── Supplied material ──

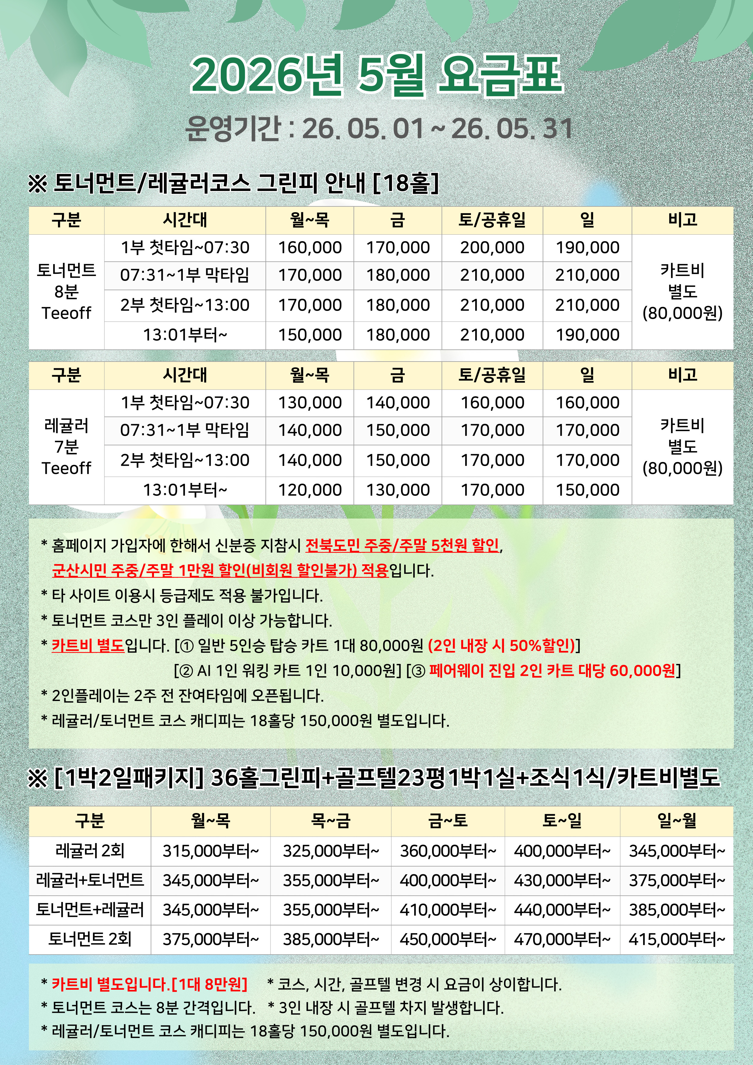 [공지사항] 2026년 5월 요금표
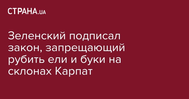 Президент Владимир Зеленский подписал закон, который запрещает сплошные вырубки елово-буковых лесов на склонах Карпат. Об этом сообщается на сайте главы государства.
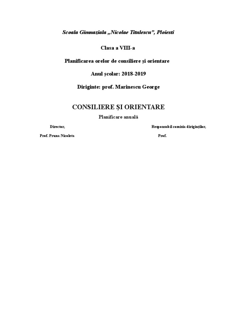 Doc Consiliere Si Orientare Planificare Anuală Si Calendaristică Clasa A Viii A Dospinescu Florin Academia Edu
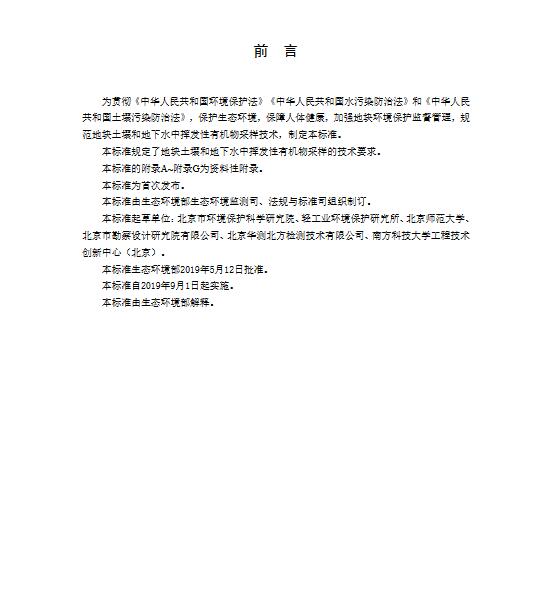 為貫徹《中華人民共和國環境保護法》,保護生態環境,保障人體健康,規范生態環境監測工作,現批準《地塊土壤和地下水中揮發性有機物采樣技術導則》等六項標準為國家環境保護標準,并予發布。

───

→ What you need to do
Return the data exactly. Do not carry over any images.

→ Exercise solution
 [공지사항] 2026년 5월 요금표
 Президент Владимир Зеленский подписал закон, который запрещает сплошные вырубки елово-буковых лесов на склонах Карпат. Об этом сообщается на сайте главы государства.
 Doc Consiliere Si Orientare Planificare Anuală Si Calendaristică Clasa A Viii A Dospinescu Florin Academia Edu
 為貫徹《中華人民共和國環境保護法》,保護生態環境,保障人體健康,規范生態環境監測工作,現批準《地塊土壤和地下水中揮發性有機物采樣技術導則》等六項標準為國家環境保護標準,并予發布。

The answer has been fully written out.